As for which regions investors think will be the most attractive for future financial services investment into the UK, London came top backed by 31% of respondents with Scotland second with 15%.
US remains Europe and UK’s biggest source of FS FDI
The largest source of financial services investment into Europe in 2020 was once again the US (this has consistently been the case since records began), with 23% of financial services projects being undertaken by US businesses. The second largest source was the UK – contributing 14% of total projects (41 projects in total) - although this represents a decline of 40% on 2019 levels.
In terms of investment into the UK, the US again was the principal source, accounting for over a third (37%) of all UK financial services FDI – up from 32% in 2019.
With only 56 financial services projects recorded in 2020, however, the absolute numbers of projects recorded by the largest investors were modest – the US accounted for 21 projects. The second largest origins of investment were Australia, Germany and Hong Kong, which recorded just three projects each.
What’s important for investors post COVID-19
Looking at the themes which will be most important to investors’ future strategies and location choices following the COVID-19 pandemic, the quality of the healthcare system came top with 46% of investors citing this; followed by 40% citing digital customer connectivity; and 38% citing sustainability and climate change.
Financial services continues to be a key driver of UK economic growth
According to global investors surveyed, the top three drivers of UK growth in the coming years are the digital economy (top with 54% stating this), real estate (second with 42%), and financial services (third with 33%). Healthcare and wellbeing came fourth with 29%.
Anna Anthony concludes: “The COVID-19 pandemic has thrown up unprecedented health and economic challenges this past year, impacting global investment volume and appetite as well as cross-border activity. In the UK, this has added to the pressures businesses have faced through the Brexit negotiation years, so it is reassuring that even against this backdrop the UK remains the most attractive European country for FS FDI. It is also heartening to see that London is again the dominant city, with the Scottish financial services market continuing to attract significant levels of investment. However, the UK's lead has narrowed. While some European centres saw a ‘Brexit bounce’ in 2019, it appears this could have been a one-off spike for many, with just France sustaining this into 2020 and seeing further improvement in investment levels.
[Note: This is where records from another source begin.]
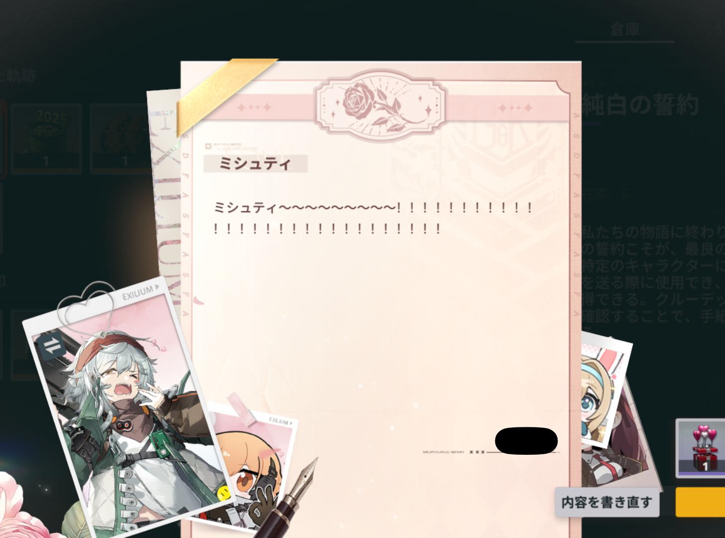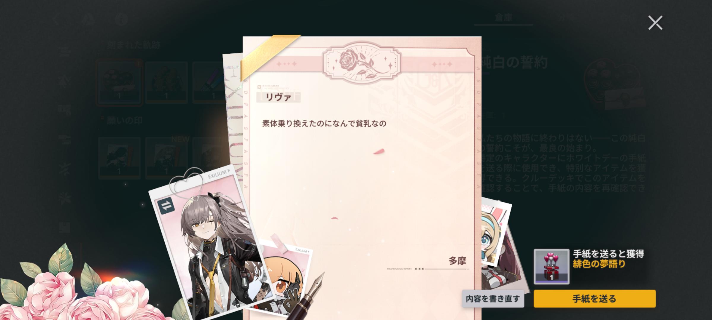 | … | 5626/03/14(土)07:51:32No.1410517909+>よくわからんけどゲームのキャラクターに手紙を送らせるのは大陸の文化なんだろうか |
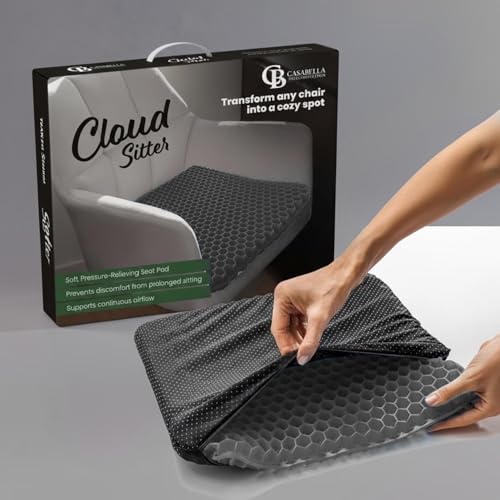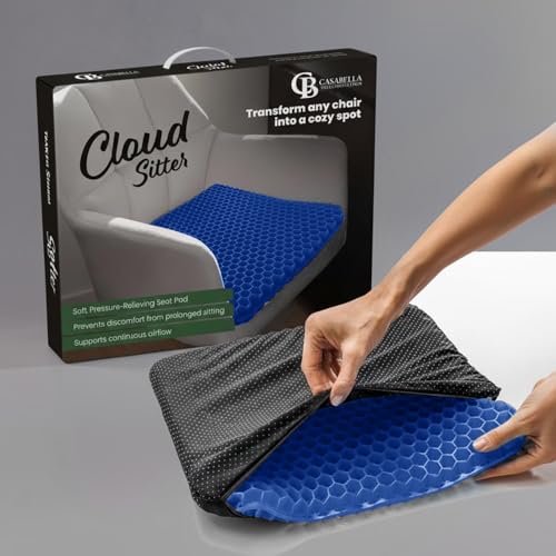 Casabella Gel Seat Cushion for Back Pain Relief - Honeycomb Orthopaedic Cushion for Sciatica & Coccyx Pain - Non-Slip, Breathable Office Chair & Car Seat Cushion for Long Sitting, Wheelchair Grey
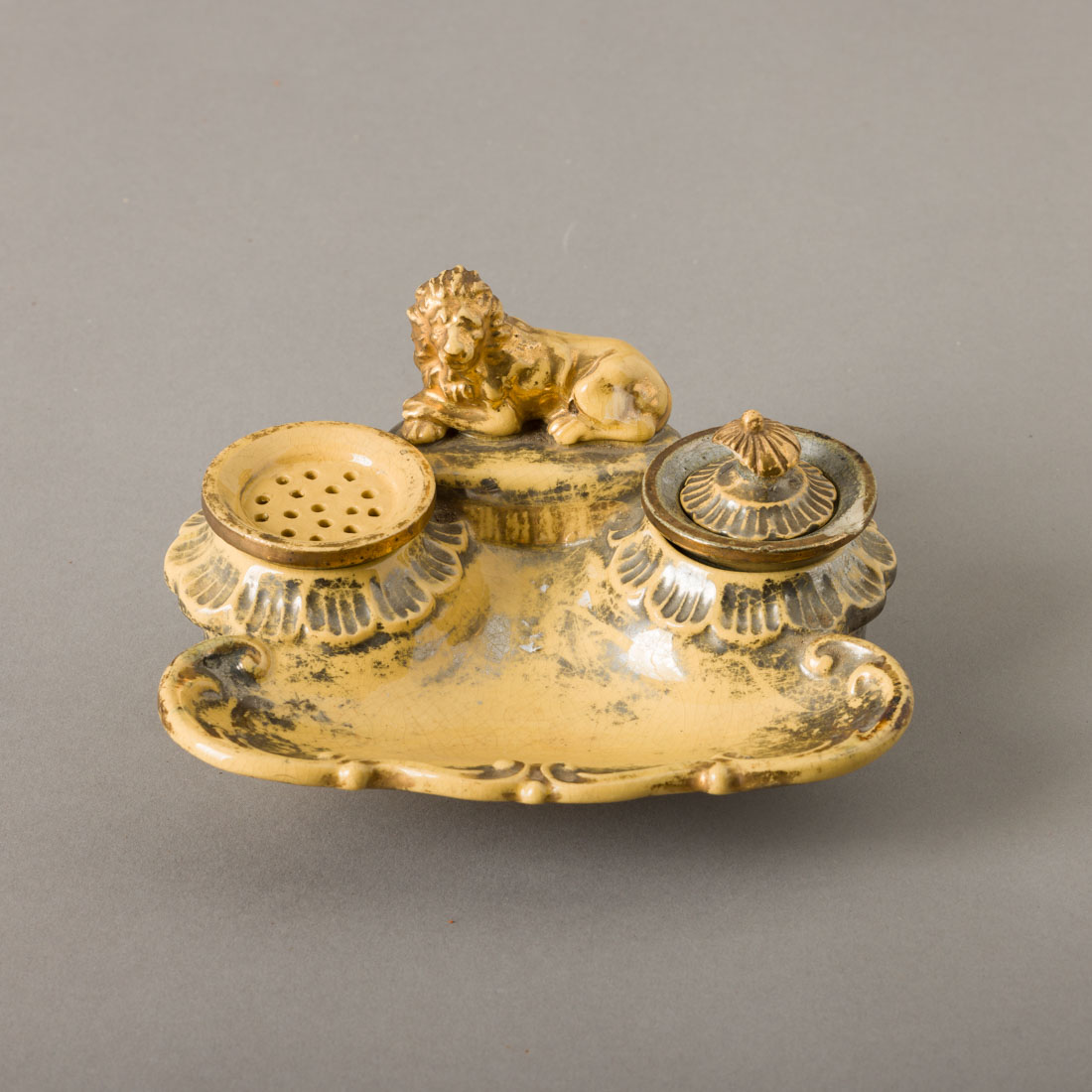 Em loiça pó de pedra, decoração relevada a dourado e prateado. Inglesa. Desgaste, craquelé, falhas no tinteiro.
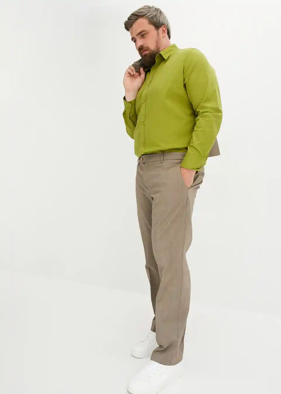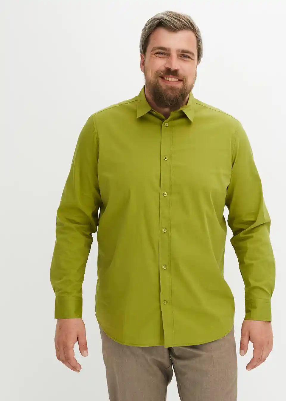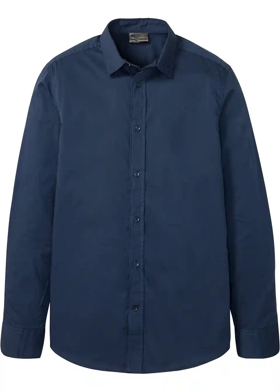 Muška košulja s dugim rukavima, Stretch, i blago zaobljenim porubom
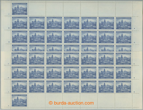 Philately. COUNTER SHEET / Pof.39, Landscape the first issue., Prague 10K, complete 100 stamps sheet with plate mark +; folded only in perforation, otherwise mint never hinged, rare complete sheets! (Image) (Image2)
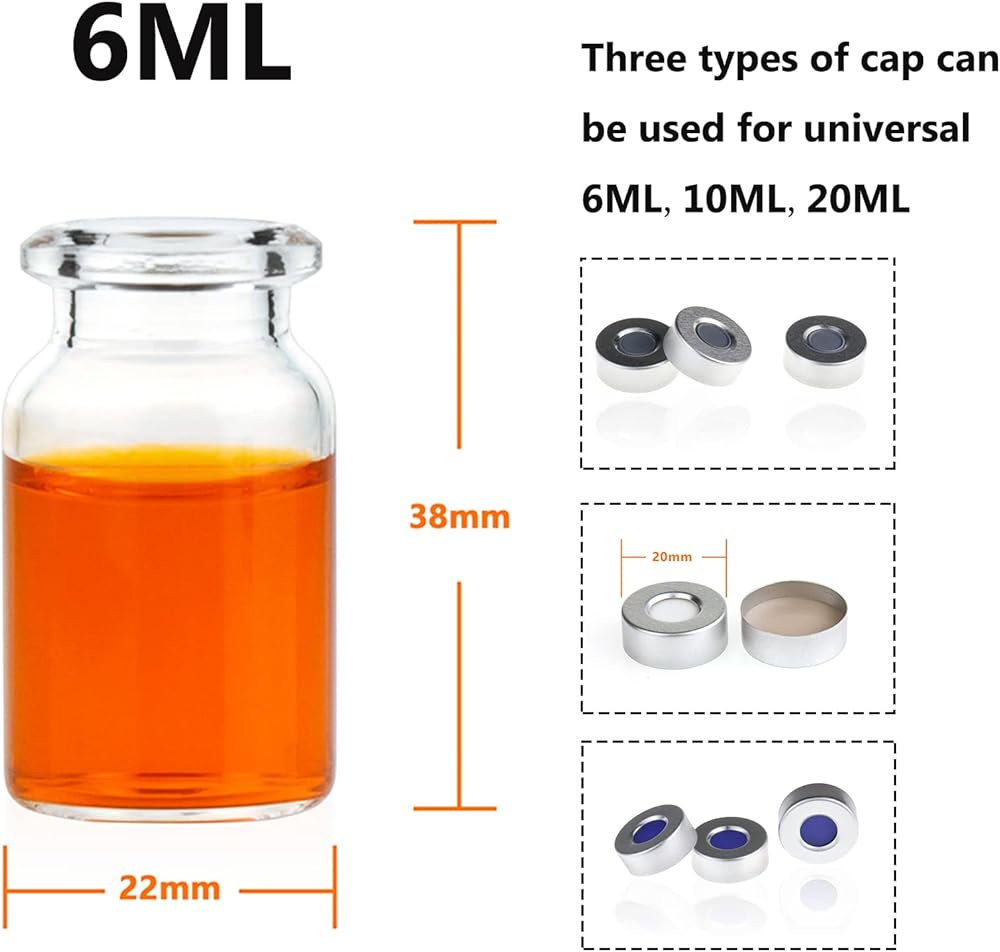Size: 22.5*46mm, the vial mouth outer diameter is 20mm,20 mm crimp seal finish are designed to fit most headspace autosamplers
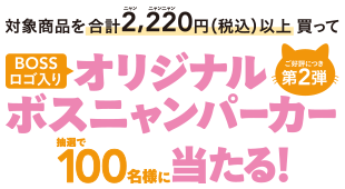 対象商品を合計2,200円(税込)以上ご購入のレシートでご応募ください。(レシート複数枚の合算可)
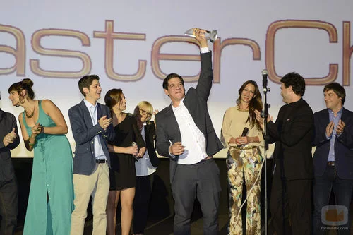 Juan Manuel con el trofeo de 'MasterChef' en la sala Kinépolis de Madrid
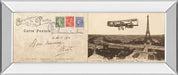Step back in time with this captivating framed wall art that beautifully merges vintage charm and historical intrigue. Featuring a sepia-toned postcard design, it showcases iconic Parisian landmarks alongside classic postage stamps, evoking the romance and nostalgia of early 20th-century travel. The mirrored frame adds a sleek, modern touch that enhances the depth and elegance of the piece, making it a perfect addition to living rooms, offices, or any travel-inspired space. Crafted with premium real glass and expert care, this artwork is ready to hang and bring a refined, timeless atmosphere to your décor.
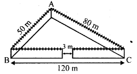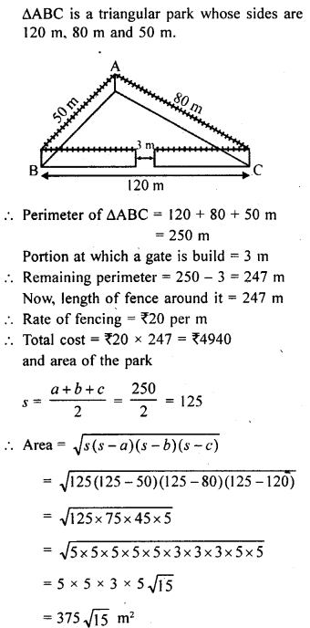 A triangular park ABC? has sides 120 m, 80 m and 50 m (as shown in the given figure). A gardner Dhania has to put a fence around it and also plant grass inside. How much area does she need to plant? Find the cost of fencing it with barbed wire at the rate of ₹20 per metre leaving a space 3 m wide for a gate on one side.
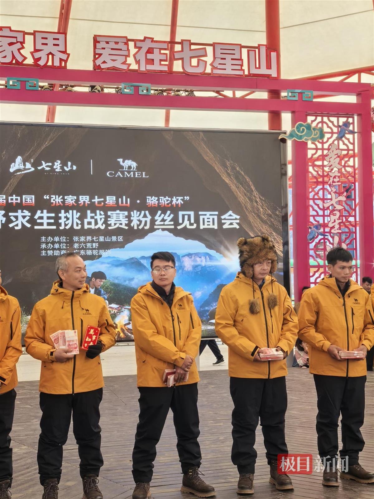 11月21日上午,张家界七星山景区举办荒野求生粉丝见面会。晋级决赛的“林北”“文车车”“熊二”“老中医”等选手热情与粉丝互动。活动最后为颁奖环节,工作人员给14名晋级决赛的选手,每人发放了3.2万元的现金和价值数万元的大礼包。
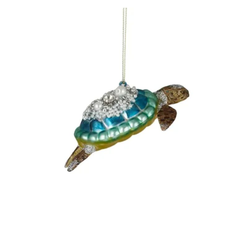Add a splash of coastal charm to your festive décor with this beautifully detailed turtle ornament. Crafted from glass and finished with a vibrant, jewel-toned shell in shades of blue, green, and gold, it’s accented with pearl-like embellishments and realistic texturing. At 12cm, it’s perfectly sized for tree decorating while still making a visual impact.
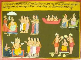 | Description / विवरण | Miniature painting based on Mahabharat - Gada parva depicting Vaishpayan telling Jamejeya story of tirth which Baldev is visiting. Gods went to Varun to meet him. They asked him to become to king of water body andare shown doing coronation. |
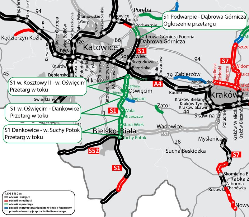 Na mapie widnieje poza tak zwanym limitem finansowym Beskidzka Droga Integracyjna (S52). Inwestycja, która od lat przechodziła burzliwe etapy projektowania cały czas boryka się ze sprzeciwami niektórych środowisk. Inwestor wybiera zatem „najłatwiejsze” do realizacji zadania. Wadowice co najwyżej w niedalekiej przyszłości doczekają się południowej obwodnicy. W październiku tego roku odpowiednie porozumienie w tej sprawie podpisał obecny burmistrz Bartosz Kaliński z ministrem infrastruktury Andrzejem Adamczykiem.
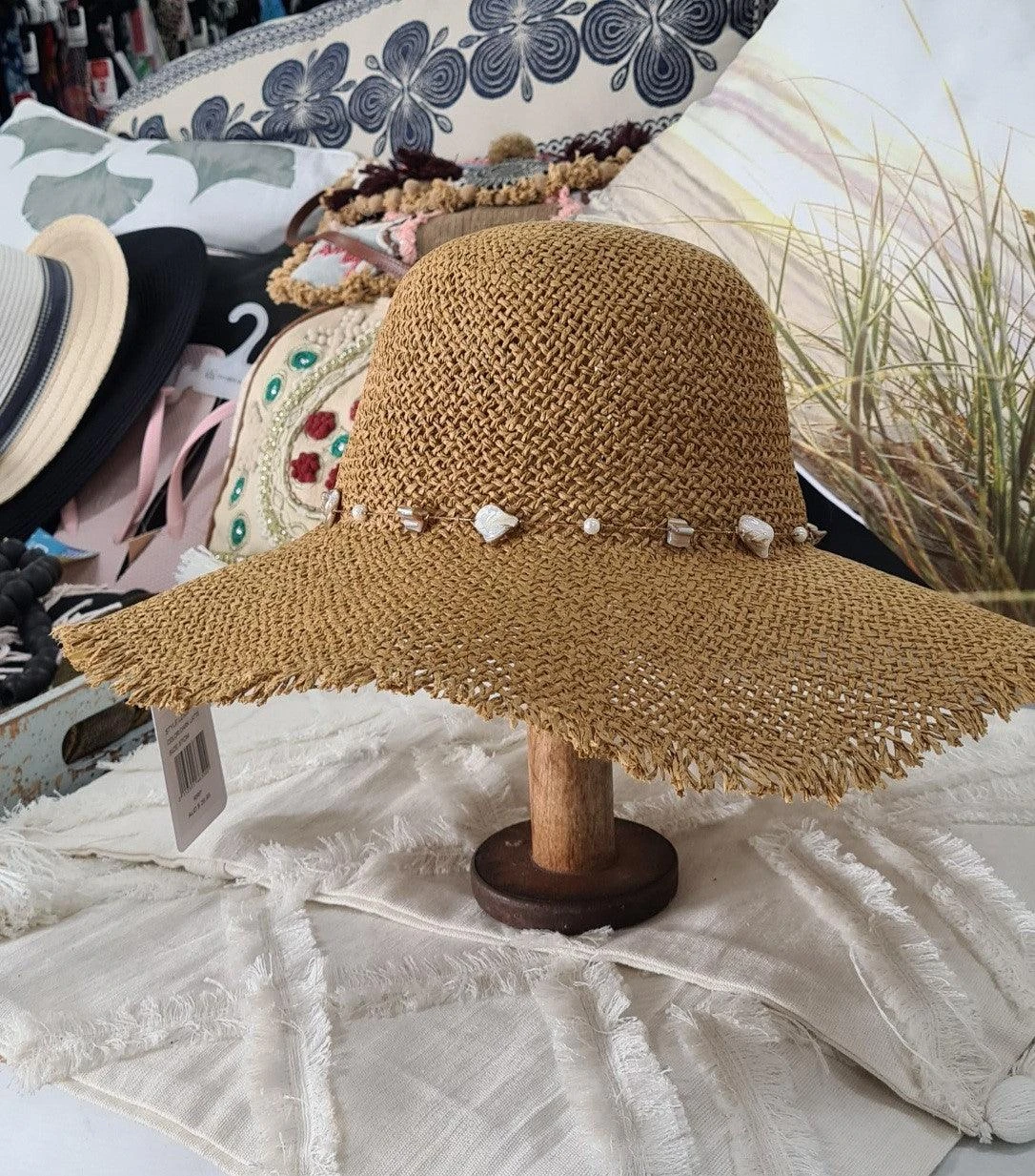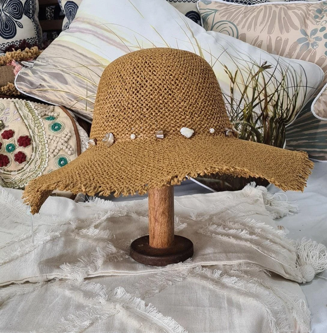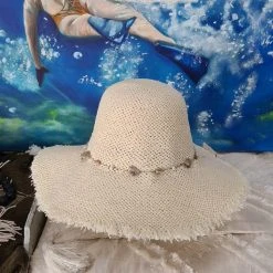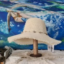 Stylish Frayed Edge Hat with Cord and Shell Detail
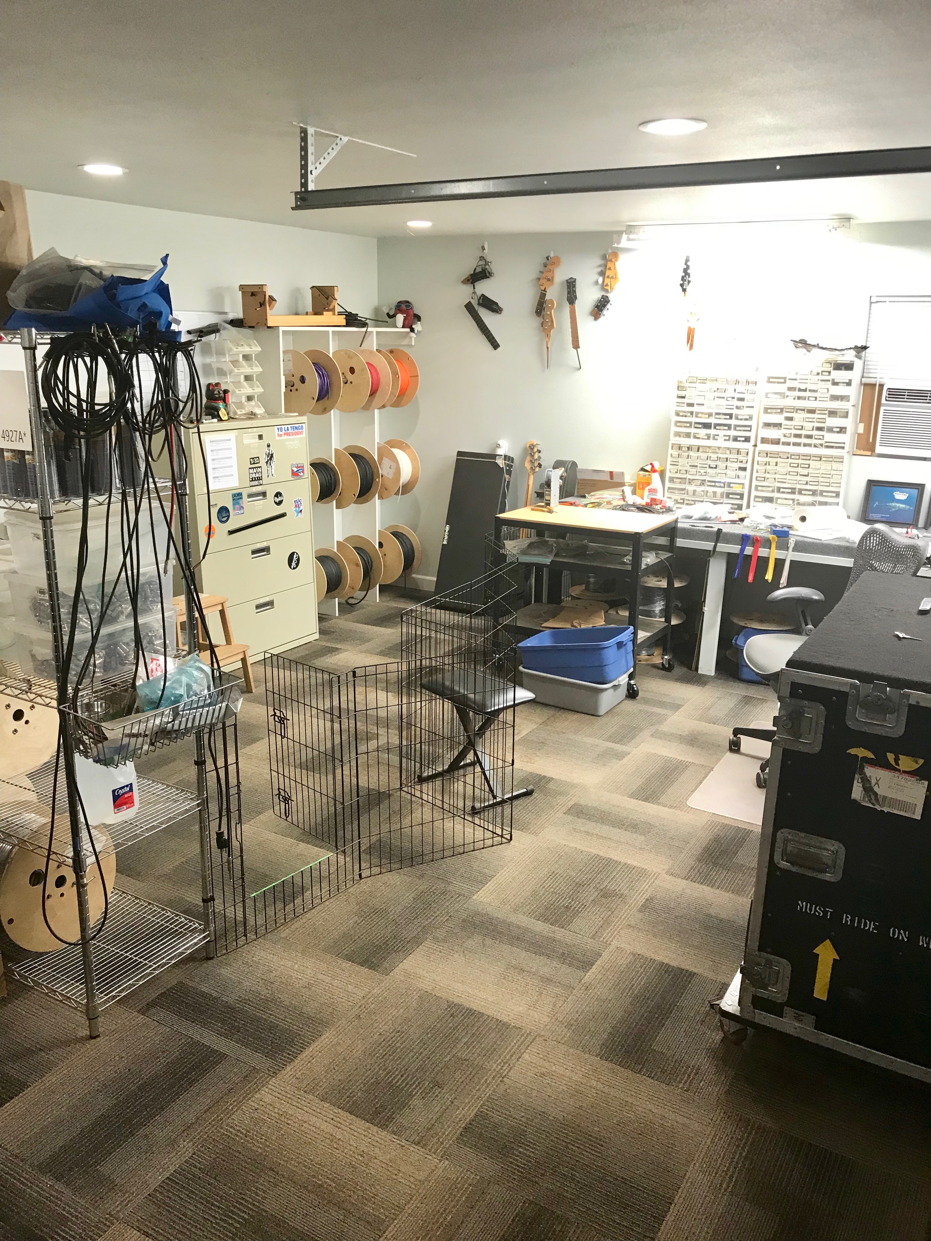 After years of being cramped in their 280sqft original shop in the back part of their house ( the floors were bowing in their store room from the sheer weight of all the spools of cable!), so in 2017, they built a 900sqft separate workspace in their backyard, establishing their own autonomous, dedicated space away from the skyrocketing rents that are now commonplace in Portland.

“It is crucial that now, post-Brexit and looking post-pandemic, UK financial services definitively stamps its mark not only within Europe, but also on the global stage, by focusing on FinTech and innovation and becoming a world leader in sustainable finance. Current investor sentiment is really encouraging and shows the UK financial services market is expected to remain Europe’s destination of choice. This will help the UK drive future economic prosperity, but if ever there has been a time to remain vigilant and ensure we’re meeting investors’ changing needs and demands, it’s now.”